Core meaning
要 (yào) carries weight of intention, decision, or obligation. When you use 要 you are committing: you will order it, do it, insist on it. 想 (xiǎng) is softer — it means "to think about / to feel inclined / to wish". It describes a mental state rather than a commitment. English collapses both into "want to", but Chinese speakers hear the difference immediately: 要 sounds decisive, even a little blunt; 想 sounds polite, exploratory, or tentative.
In ordering at a restaurant
At a restaurant, 要 is the standard way to place your order because you ARE committing to buy and eat the item: 我要一份北京烤鸭 (I want / will have a serving of Peking duck). Using 想 at the ordering moment sounds as though you are still deciding: 我想要北京烤鸭 (I would like / am thinking of having Peking duck). The 想要 combination softens the order politely — useful when browsing, less useful when you have decided.
服务员,我要一杯热水。/我想看看菜单。
Fúwùyuán, wǒ yào yì bēi rè shuǐ. / Wǒ xiǎng kànkan càidān.
Waiter, I want a cup of hot water. / I would like to look at the menu.
In expressing future plans
Both 要 and 想 work for "going to / planning to", with different confidence levels. 我要去北京 (I am going to Beijing) sounds booked, plans made. 我想去北京 (I would like to go to Beijing) sounds aspirational, no tickets yet. When Chinese friends ask about vacation plans, the answer reveals how firm the plan is. For a definite plan, switch to 要 or add certainty markers: 我一定会去 (I will definitely go).
明年我要去北京留学。/我想以后去北京看看。
Míngnián wǒ yào qù Běijīng liúxué. / Wǒ xiǎng yǐhòu qù Běijīng kànkan.
Next year I am going to study in Beijing. / I would like to visit Beijing at some point.
The "want X object" pattern
When the object is a thing (not an action), only 要 works directly: 我要咖啡 (I want coffee). 我想咖啡 is ungrammatical. For 想 to work with an object, insert a verb: 我想喝咖啡 (I would like to drink coffee) — 想 + verb + object. The verb 喝 is essential. This is the single rule that trips beginners most often.

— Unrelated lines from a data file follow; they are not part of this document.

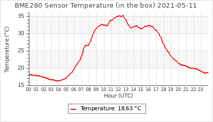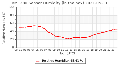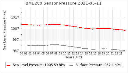 Experimental atmospheric pressure measurement with a simple sensor: BOSCH BME280The instrument is in the data collection box of the CR10X, the temperature and humidity do not reflect the real air conditions, because the box is in the sun and is not properly ventilated for these measurements.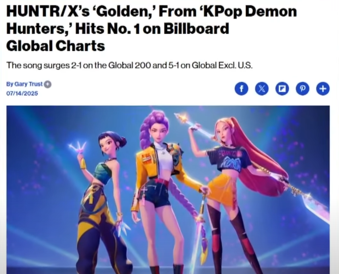 2025년 7월, 전 세계가 '케이팝 데몬 헌터스'(이하 케데헌)에 열광하고 있습니다. 넷플릭스 애니메이션 속 가상 K-pop 걸그룹 '헌트릭스'가 부른 '골든'이 빌보드 글로벌 차트 1위를 기록하며 가상 아티스트 최초의 기록을 세웠는데요. 이들을 둘러싼 팬덤 문화는 기존 K-pop 팬덤과는 완전히 다른 양상을 보이고 있습니다.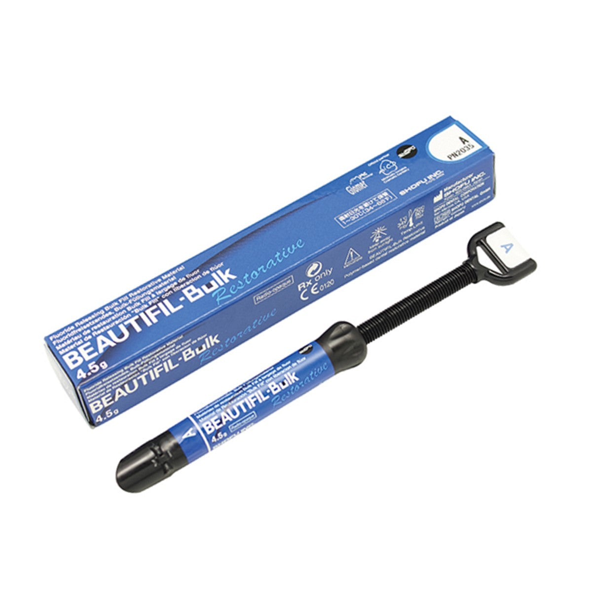 Beautifil-Bulk is a light-cured, bioactive direct resin composite developed for faster, easier and simpler restoration with one single increment of up to 4mm. A unique balance of resin with new monomers and fillers provide deep cure, minimal polymerization shrinkage stress and optimal physical properties with remarkable shade match and all round fluoride protection.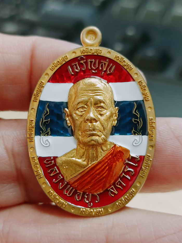 วัดใจ 100 PSGA เหรียญเจริญสุข งานบุญกฐิน หลวงพ่อยูร สคารโว วัดพนมเศษเหนือ จ.นครสวรรค์ ปี 2566 เนื้อทองเหลือง กนกข้าง ยงยาลายธงชาติ หมายเลข 174 กล่องเดิม ***ป๋องสุพรรณการันตี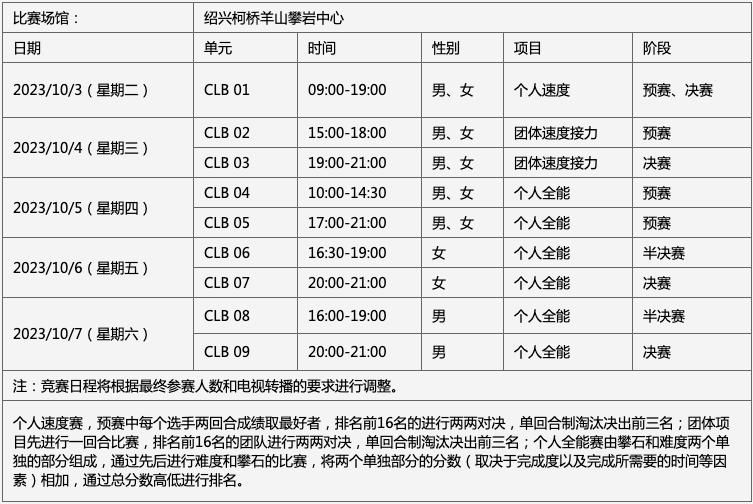 攀岩比赛项目包括速度赛、攀石赛、难度赛、个人两项全能赛。杭州亚运会攀岩项目比赛时间为10月3日—7日,在绍兴柯桥羊山攀岩中心举行,共产生6枚金牌。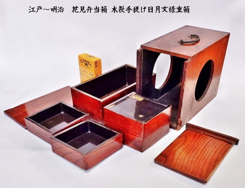 - アンティーク 江戸~明治 花見弁当箱 木製手提げ日月文様重箱 木目漆塗り 一人用 野弁当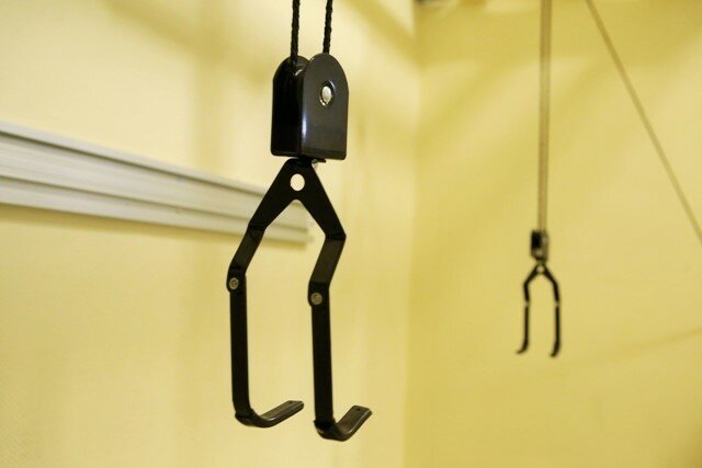 Подъемный механизм (лифт) - идеальный способ для хранения велосипеда.Экономит пространство в помещении и защищает шины велосипеда.В Механизме используется система из верёвки и шкива, которая устанавливается на потолке.Механизм позволяет поднимать и опускать велосипед на нужную высоту.Для потолков не более 4 метров.Максимальная нагрузка 20 кг.Кроме хранения велосипедов, подходит для хранения каяков, автомобильных багажников и прочих вещей, которые периодически востребованы и требуют быстрого доступа.Размер упаковки ВШГ: 26 x 13 x 10 см.Вес: 1,71 кг.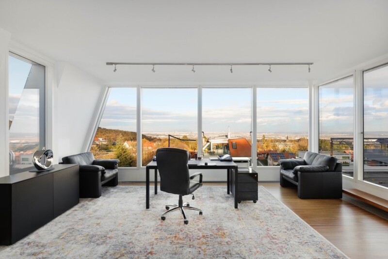 Fantastic modern villa with panoramic Vienna views! Villa benefits indoor swimming pool, panoramic glazing, garage, elevator! Perfect location in prestigious Gießhübl within villas surrounding. Living area: 380 m2 Number of rooms: 6 Number of bathrooms: 5 Number of bathrooms: 7 Terrace area: 120 m2 Number of terraces: 2 Garden area: 1.184 m2 Garage area: 130 m2 Number of parking spaces: 5 - Spacious living/dining room with open fireplace (100 m2) - Fully equipped designer kitchen - Glass elevator to all 4 floors - Outdoor and indoor heated swimming pool - Spa area - Large multi-purpose party room with stage/home cinema Purchase price: 4.750.000€.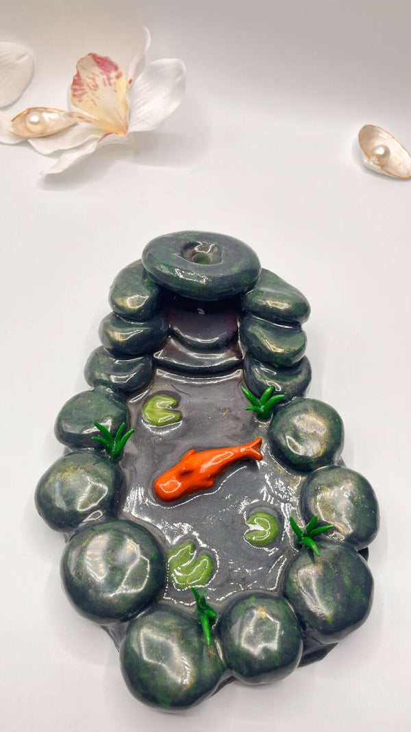 Handgemachter Backflow Räucherstäbchenhalter – Teich & Wasserfall Design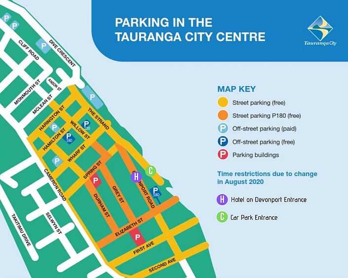 Alternatively, you may park on Devonport Road overnight at no charge. The free street parking is currently available from 3pm to 9am Monday to Friday and all weekend. The free parking hours are subject to change at any time, for up to date information please check with either our team or Tauranga City Council.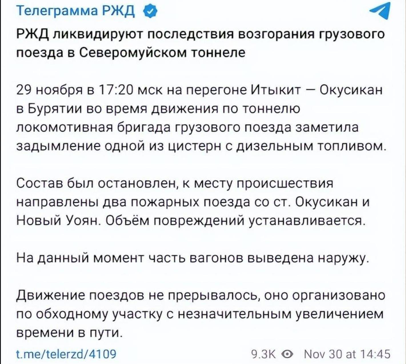 根据乌克兰方面的叙述,在11月30日的夜间,俄罗斯布里亚特共和国境内的贝阿铁路(贝加尔-阿穆尔)的战略要地——北莫伊斯基隧道发生了大爆炸,乌克兰情报局的特工对一列行驶中的货运列车实施了爆炸,导致这条重要的战略隧道被破坏。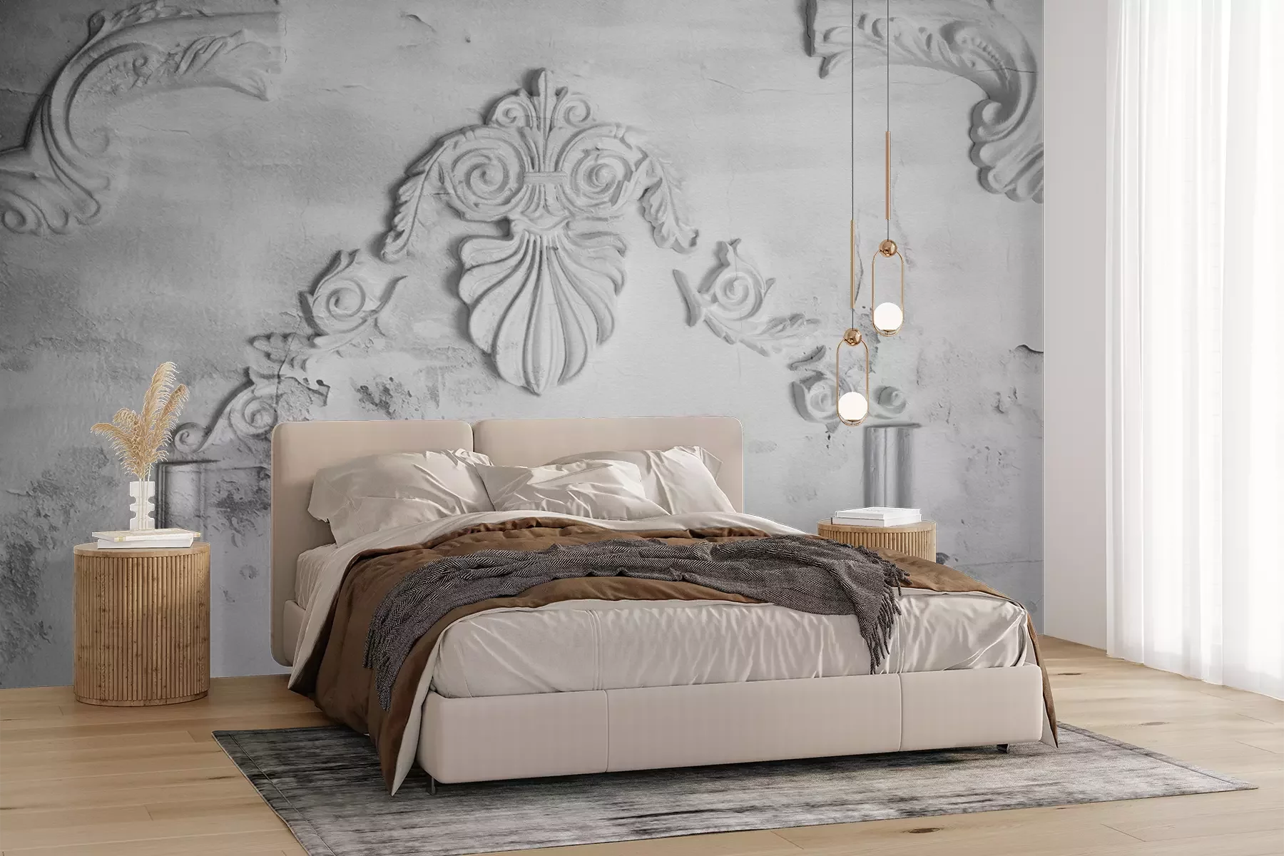 Die Fototapeten werden in Bahnen geliefert. Die Größe und die Anzahl der Bahnen, aus denen die gesamte Fototapete besteht, hängen vom gewählten Material ab. Wenn die Größe die maximale Breite des Materials überschreitet, besteht der Ausdruck aus mehreren gleich großen Bahnen.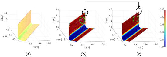 Given a calibrated point cloud collection instrument (assumption of modeled systematic errors), the point measurement uncertainties in the Cartesian coordinate system (i.e., spatial uncertainty [38]) can be modeled through the propagation of instrumental measurement errors, typically approximated to the first order [40]. For instance, in TLS, the spatial uncertainty of points must incorporate the raw instrumental measurement errors (e.g., range and angular errors; see Equation (11) of [36]) along with possible scan station registration errors in the case of multiple scans (see Equation (5) of [16]). For each point, the variance propagation process provides a 3 × 3 covariance matrix, , as a measurement of spatial uncertainty. Closed formulations of the 3D positional uncertainty, , as a function of instrumental measurement errors can be found in Maalek et al. [16] for TLS (Figure 1a), Zhengchun et al. [38] for the laser radar measurement system (LRMS), Mourikis and Roumeliotis [41] for SLAM-based instruments (Figure 1b), and Beder and Steffen [42] for SfM-based techniques (Figure 1c). For each point, , the corresponding spatial uncertainty, , can be used to construct an error ellipsoid as follows: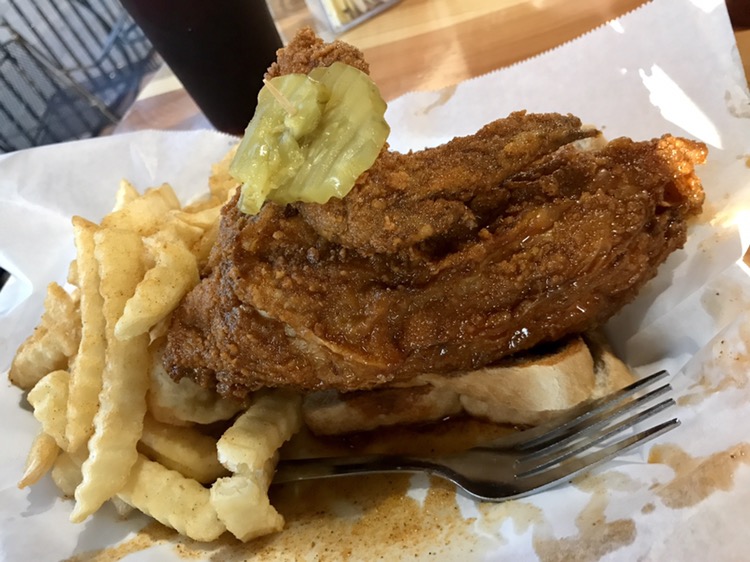 No trip to Nashville, for me, is complete without some hot chicken. We had driven up for the day for the flea market and some roaming around and were getting ready to head back home, as dinner time approached. Prince’s Hot Chicken Shack is the pinnacle for me and we’ve been to the original (Ewing Drive) location many times. It is hard to believe that it has almost been five years since our first visit there. But it’s north on 65, on the way out of the city, and we were headed south on 24, so it wasn’t feasible. Then I remembered they had opened a second location on the southside and I knew where we were headed.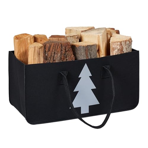 Relaxdays Panier à bûches, Feutre, avec poignées, Sac Rangement Bois, Range-bûches, Motif Sapin, 28 litres, Noir/Blanc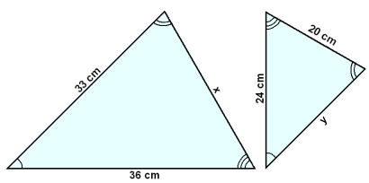 Þríhyrningarnir á myndinni eru einslaga og jafn stór horn eru merkt eins. Finnum hliðarnar x og y.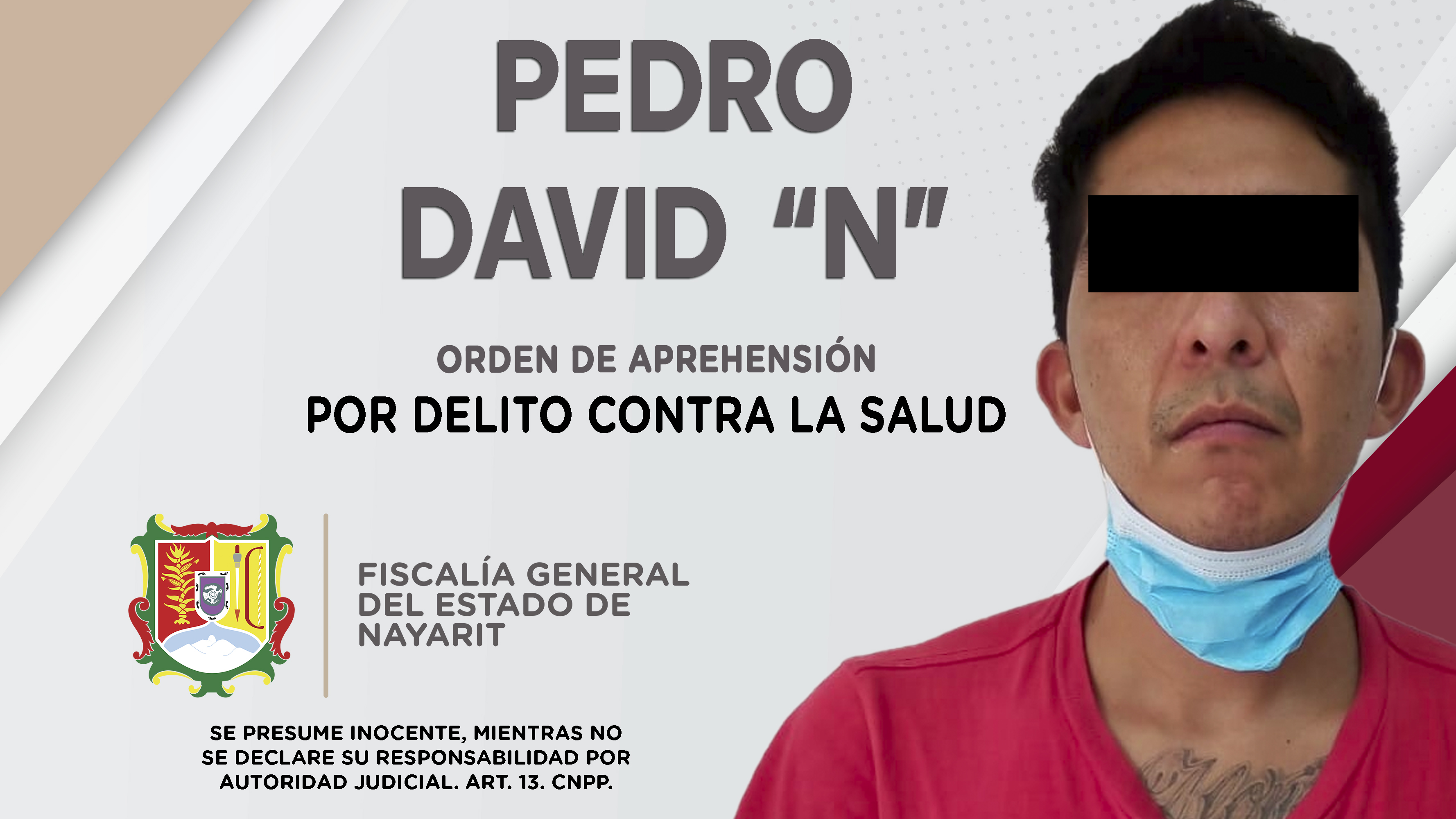 En la capital nayarita, elementos de la Agencia de Investigación Criminal cumplimentaron una orden de aprehensión contra Pedro David “N”, como presunto responsable del delito contra la salud en su modalidad de narcomenudeo en su hipótesis de poses...

Negation flips more than you think
不想 means "do not want / do not feel like" — a mild refusal: 我不想去 (I do not feel like going). 不要 means "do not want (this object) / do not do this action" — a stronger refusal, often imperative: 不要吃这个 (do not eat this). Telling someone 不要 sounds like a command. Softer refusals almost always use 不想. To reject an offer politely, say 不用了,谢谢 (no need, thanks) rather than 不要.
Other meanings of 要
要 does double duty as "need to / must": 你要早点睡 (you need to sleep earlier). This sense of obligation does NOT exist in 想. 要 also appears in conditional structures: 要是 (if / supposing), 只要 (as long as). 想 stays firmly in the wish/thought lane: 我想念他 (I miss him), 我想明白了 (I figured it out). The split between "must-need" (要) and "think-wish" (想) is the core to internalise.